- [INFORMATION SHOWN]
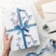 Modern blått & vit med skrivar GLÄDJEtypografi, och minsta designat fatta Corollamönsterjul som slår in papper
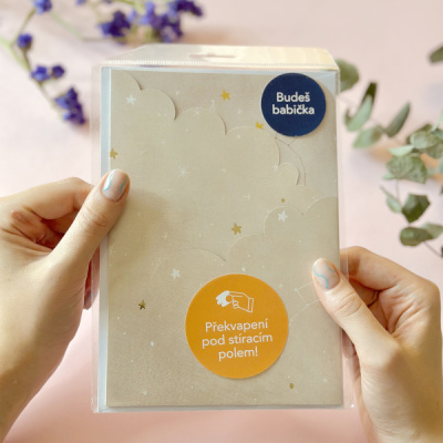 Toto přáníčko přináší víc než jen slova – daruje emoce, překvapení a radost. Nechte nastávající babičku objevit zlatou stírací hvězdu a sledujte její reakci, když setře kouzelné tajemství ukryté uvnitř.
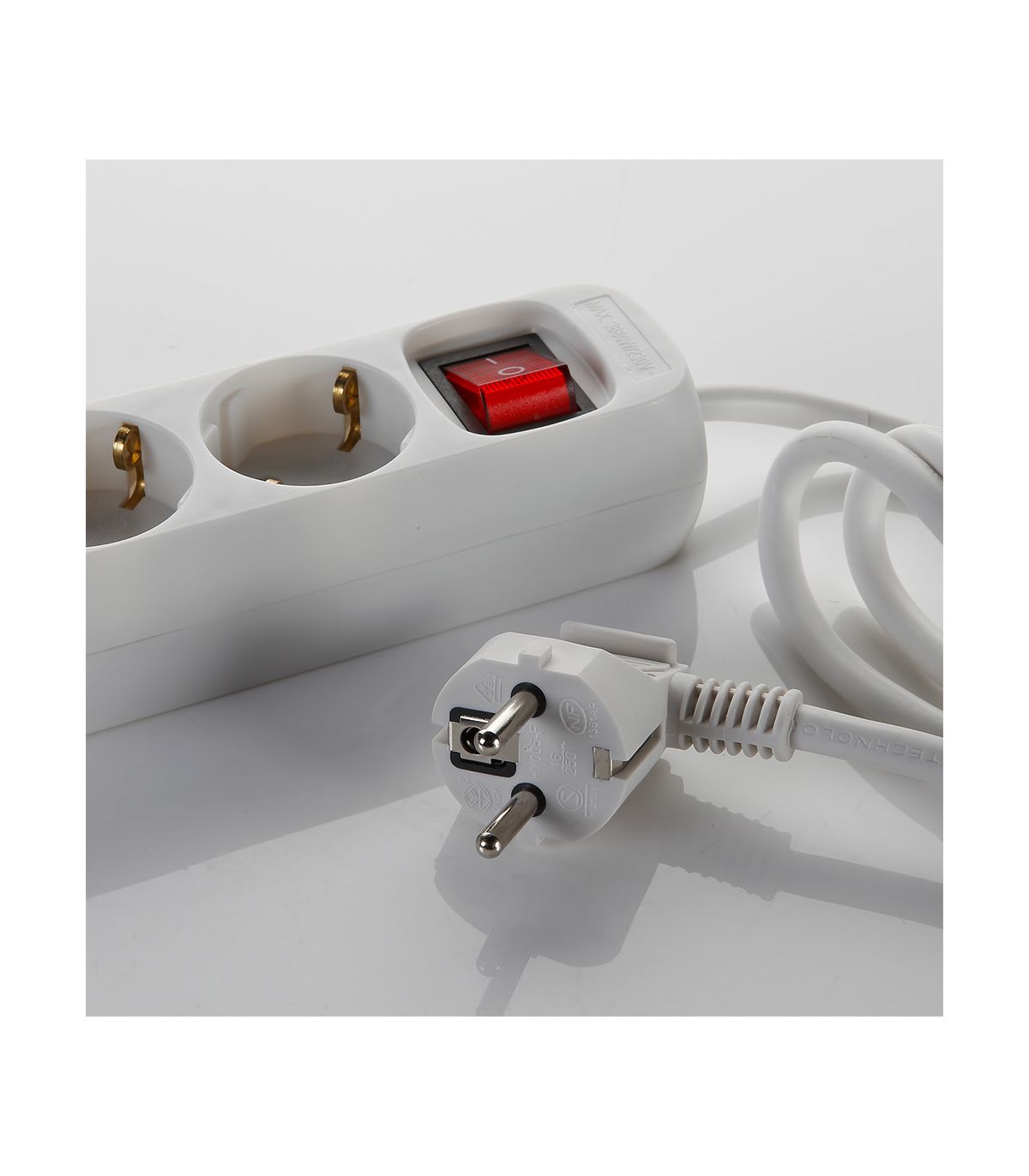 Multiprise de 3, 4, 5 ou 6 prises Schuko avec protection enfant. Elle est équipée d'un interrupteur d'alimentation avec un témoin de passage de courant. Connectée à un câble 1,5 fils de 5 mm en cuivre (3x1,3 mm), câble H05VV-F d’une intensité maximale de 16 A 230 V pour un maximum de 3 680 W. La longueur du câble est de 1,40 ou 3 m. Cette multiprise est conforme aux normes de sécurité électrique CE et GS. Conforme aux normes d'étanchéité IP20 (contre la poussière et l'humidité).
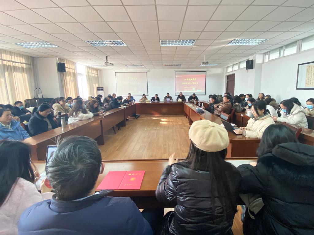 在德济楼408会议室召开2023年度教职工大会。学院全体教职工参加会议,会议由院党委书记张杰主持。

- [EXERCISE BRIEF] Write out an exact copy of the lines beginning at the line that contains "Toto přáníčko přináší" and ending at the last line of the listing. Exclude pictures.

- [TASK OUTPUT]
 Toto přáníčko přináší víc než jen slova – daruje emoce, překvapení a radost. Nechte nastávající babičku objevit zlatou stírací hvězdu a sledujte její reakci, když setře kouzelné tajemství ukryté uvnitř.
 Multiprise de 3, 4, 5 ou 6 prises Schuko avec protection enfant. Elle est équipée d'un interrupteur d'alimentation avec un témoin de passage de courant. Connectée à un câble 1,5 fils de 5 mm en cuivre (3x1,3 mm), câble H05VV-F d’une intensité maximale de 16 A 230 V pour un maximum de 3 680 W. La longueur du câble est de 1,40 ou 3 m. Cette multiprise est conforme aux normes de sécurité électrique CE et GS. Conforme aux normes d'étanchéité IP20 (contre la poussière et l'humidité).
 在德济楼408会议室召开2023年度教职工大会。学院全体教职工参加会议,会议由院党委书记张杰主持。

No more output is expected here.